Cependant, ce qui est montré dans « Crimson Gold » n’est guère plus important que ce qui est laissé de côté. La succession d’événements est plausible, pratique, logique, mais la psychologie du personnage de Hussein n’est que légèrement renseignée. Hussein souffre de terribles crises d’épilepsie, de blessures au combat subies à Shalamcheh, le site d’une bataille majeure en Iran. -Guerre d’Irak où étaient les troupes iraniennes attaqué avec des armes chimiques. Il utilise de la cortisone pour traiter ses maladies persistantes et en subit les effets secondaires physiques et mentaux débilitants. Pourtant, le film ne trace pas de ligne claire entre son traumatisme et sa douleur – ou de sa pauvreté, ses humiliations ou ses frustrations – au crime majeur qu’il commet. Au contraire, Panahi place le vol de Hussein à côté d’événements et d’aspects disparates mais liés de sa vie, et comble les lacunes importantes entre eux avec des détails éclairants et diagnostiques concernant la vie en Iran en général.

Cette diffusion de la psychologie individuelle et la segmentation des arcs dramatiques en une plénitude panoramique est la qualité la plus radicale de « Crimson Gold ». Si le film a un genre, c’est celui de Panahi, celui qu’il crée, la poésie de rue critique. Sa vision de la vie quotidienne d’Hussein est aussi épiphanique qu’investigatrice, aussi merveilleuse qu’horrible. Il se délecte des visions amoureusement nuancées et humanistes de la sublimité ordinaire et la voit agonisante s’écraser contre l’oppression officielle, la cruauté généralisée et l’indifférence générale. L’absence de toute cause claire du virage de Hussein vers la violence suggère que céder à des pulsions destructrices est une réponse naturelle à ses circonstances ; la surprise n’est pas tant de savoir pourquoi il céderait à une vie de crime que pourquoi d’autres ne le feraient pas.
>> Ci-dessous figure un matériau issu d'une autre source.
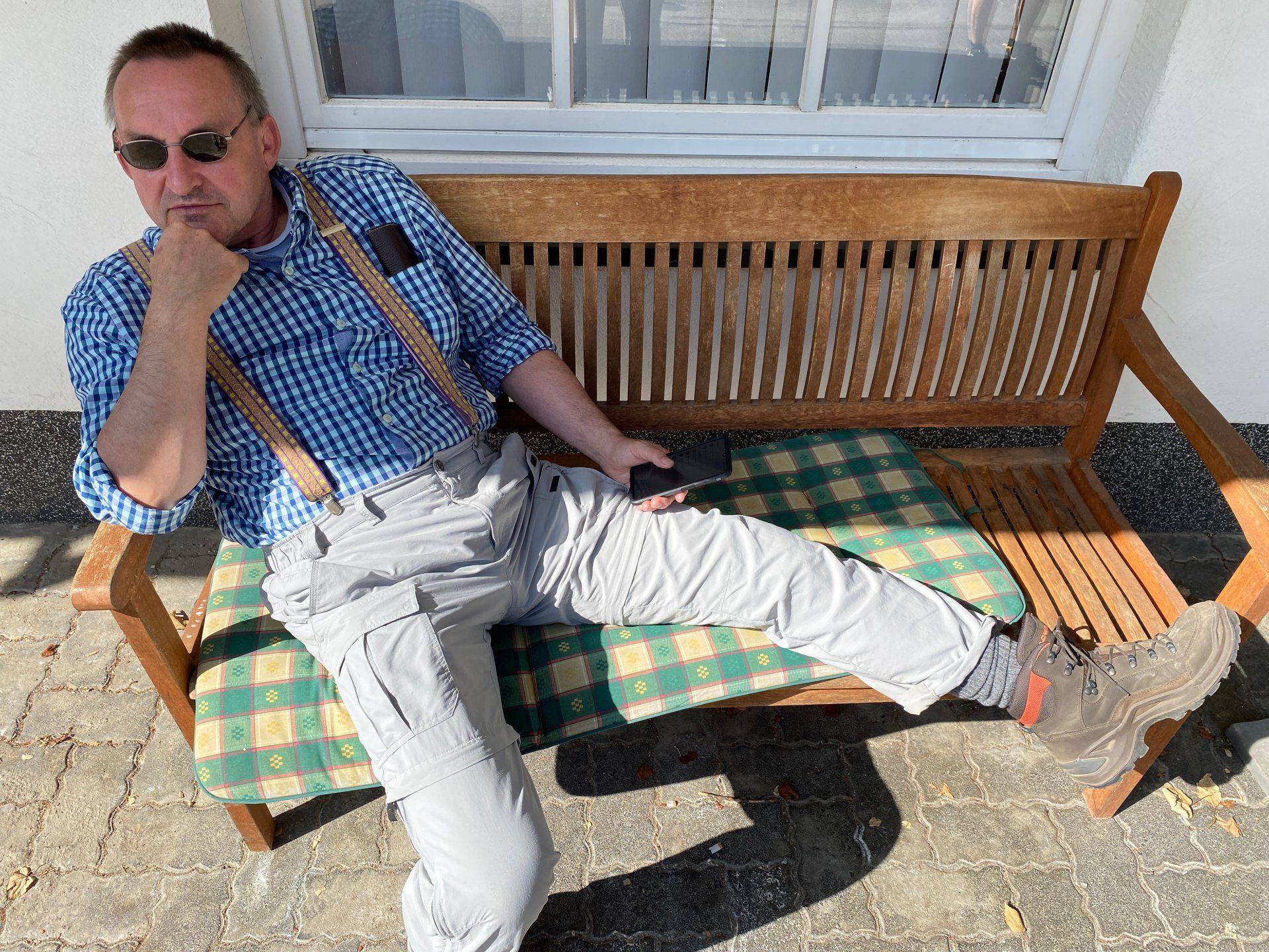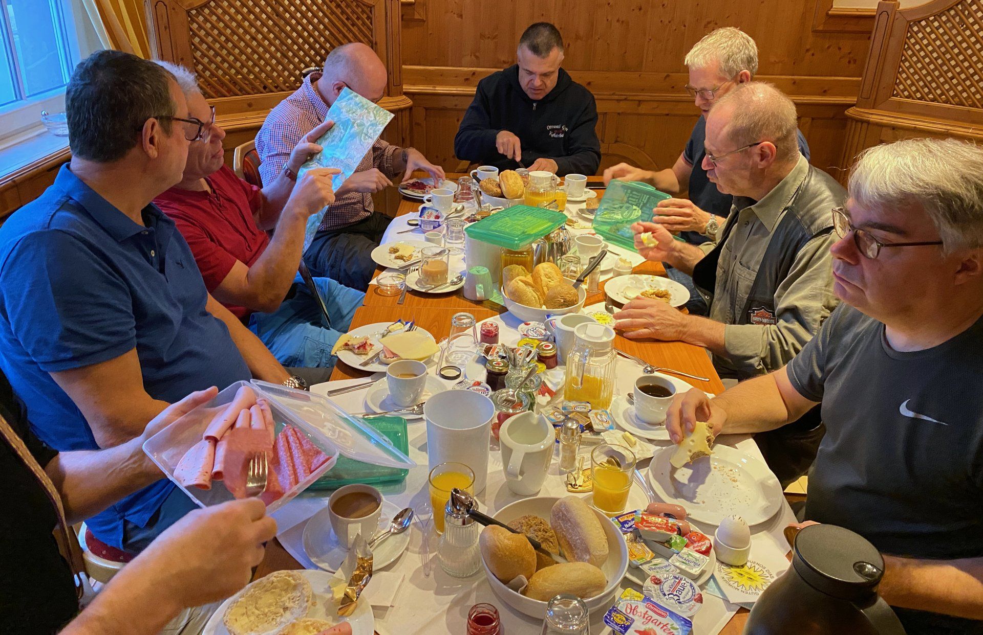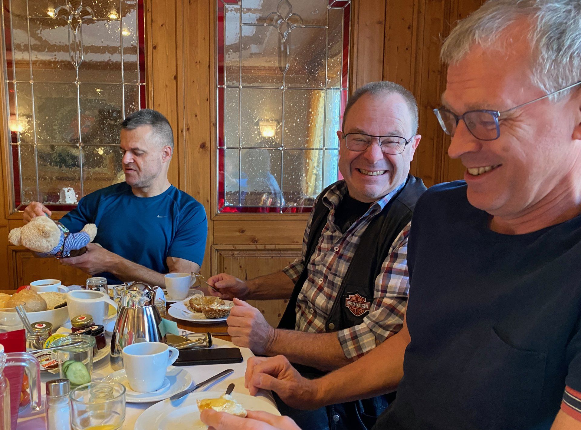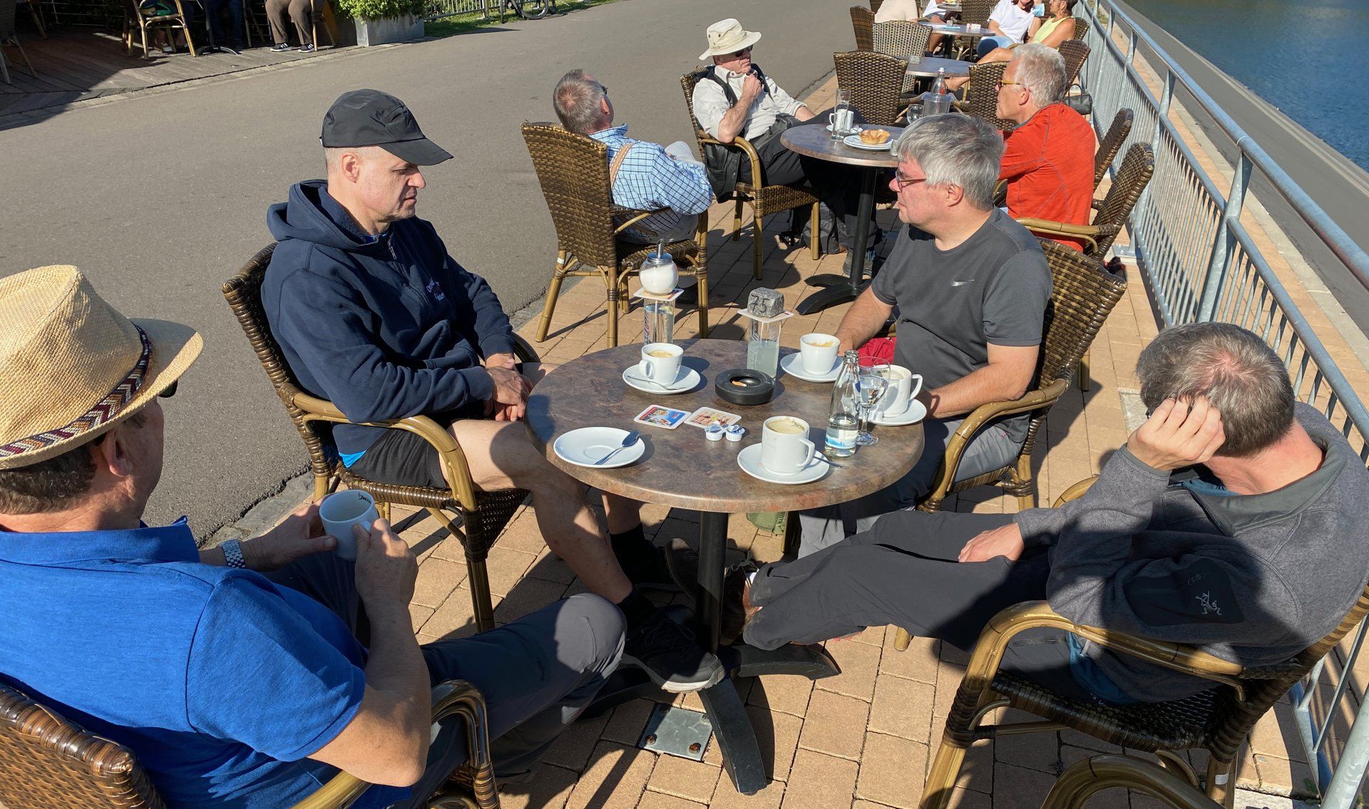 „Steakhaus Schürholz“, direkt gegenüber von unserem Quartier, wo er die bereits eine Dreiviertelstunde „warmgelaufene“ Truppe schon bald lautstark parlierend in seinen Bann zog. Neben einer fundierten Analyse des Corona-Geschehens ging es um Familienangelegenheiten, kennerhaft beurteilte Rotweine sowie um eine nach wie vor beliebte nachmittägliche Freizeitbeschäftigung des Hüters von Recht und Ordnung. Immerhin: Auch andere in der Runde kamen dann und wann zu Wort. Zu ziviler Zeit endete der erste Abend – ohne größeres Tamtam.

Ici, le point de rupture d’un homme se révèle comme un cri étouffé de révolte collective. Panahi examine la société dans laquelle il vit et la trouve criminelle dans son essence même.

La politique de « Crimson Gold » n’a pas échappé aux autorités. Le film a été interdit en Iran et Panahi a été détenu et interrogé à cause de cela. Puis, en 2010, après avoir été un fervent partisan de l’opposition au régime, il a été reconnu coupable de propagande antigouvernementale. Il a été interdit de tournage pendant vingt ans, condamné à six ans de prison et placé en résidence surveillée. Néanmoins, il a réussi à continuer à faire des films dans la clandestinité, notamment «Ceci n’est pas un film » et « Taxi”, dans laquelle il apparaît comme lui-même et étend sa fusion du documentaire et de la fiction, du drame intime et du calcul panoramique, à des extrêmes encore plus audacieusement personnels.